China to link California, world by high speed rail

Californians will find themselves riding down rails at 215 miles an hour in the near future.  The California High-Speed Rail Authority has created a $43 billion dollar plan to link San Francisco to San Diego by high-speed rail.  Helping to get this plan on track is the $2.24 billion dollars allocated to the project in the American Recovery and Reinvestment Act.  A route has been set and a bidding war is currently under way for who will lay the track.  A recent New York Times article places the Chinese government as the front runner in who will provide the bulk of the technology.  This assessment is understandable considering the fact that China is so experienced in building high speed rail lines both domestically and internationally: with 4,000 miles of high-speed rail built domestically and projects currently underway in several foreign countries.

Current map of high-speed rail in China

I am excited about the idea of high-speed rail in the United States.  No matter where the technology originates, I think it is a step in the right direction for our national infrastructure to have more energy for transportation being electricity rather than petroleum.
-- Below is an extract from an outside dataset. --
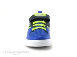 Cette chaussure garçon avec lumières clignotantes Geox J35GVA est en textile et matières synthétiques résistantes bleu royal, bleu marine et vert lime.

What is even more exciting is the ambitious proposal by the Chinese government to create vast high-speed rail network spanning Europe and Asia.  If all works according to plan it will be possible to travel from Beijing to London in two days once the track is laid!

Potential high-speed eurasian rail lines

High speed rail will change the way we travel.  I hope that it will change the way we use energy to travel, in particular.  In the United States as of 2008 95% of our transportation energy comes from petroleum.  If high-speed rail catches on as a popular way to make long trips and transport goods this number could shift, being out-weighed by the increased use of renewable energy and nuclear power (in the best case scenario) for transportation.  High-trains use electric motors which would ultimately increase the demand for electricity in California – an increase which will not likely be met with new Coal power plants in the clean air loving Sunshine State.  As far as the powering the tracks planned to stretch from London to Beijing, here’s to hoping that the current rate of China’s investment in renewable energy ($34.6 billion in 2009) continues to satisfy the increase in demand that these lines will create.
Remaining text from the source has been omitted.